Background: The long-term efficacy of argon plasma coagulation (APC) in the management of gastrointestinal vascular lesions has not been evaluated in a large and well-defined series. The impact of APC on transfusion requirements and hemoglobin, and technical parameters including complications and number of treatment sessions, is assessed in this series.

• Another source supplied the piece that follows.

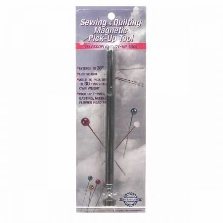 From Tooltron In Pincushions This pickup tool has an extension of 36 inches and can pick up 30 times its own weight. Made of: Metal Use: Magnetic pickup tool Size: 36in long, fully extended

Methods: Patients who underwent APC for bleeding gastrointestinal vascular lesions were identified via interrogation of an established endoscopic database, excluding patients with radiation proctitis, tumors, residual polypectomy tissue and acute ulcer bleeding. Follow-up data were collected via interview with patients and referring doctors, review of medical records, and follow-up blood tests.
Results: One hundred patients were enrolled, males = 46, median age = 74 yr (range: 19-99 yr). Median follow-up time was 16 months (range: 4-47 months). Lesions treated were arteriovenous malformations (n = 74) and gastric antral vascular ectasia (n = 26). Fifty-three patients required transfusion. In this group, median hemoglobin improved from 66 g/L (range: 35-114) to 111 g/L (range: 55-155, p < 0.001). Median transfusion velocity fell from 2 units/month (range: 0.1-6) to 0 units/month (range: 0-4, p < 0.001). Transfusion requirement was abolished in 77%. In non-transfusion-requiring patients, median hemoglobin improved from 105 g/L (range: 58-143) to 123 g/L (range: 79-158, p < 0.001). No complications occurred.
Conclusions: APC is effective and safe in the management of gastrointestinal vascular lesions.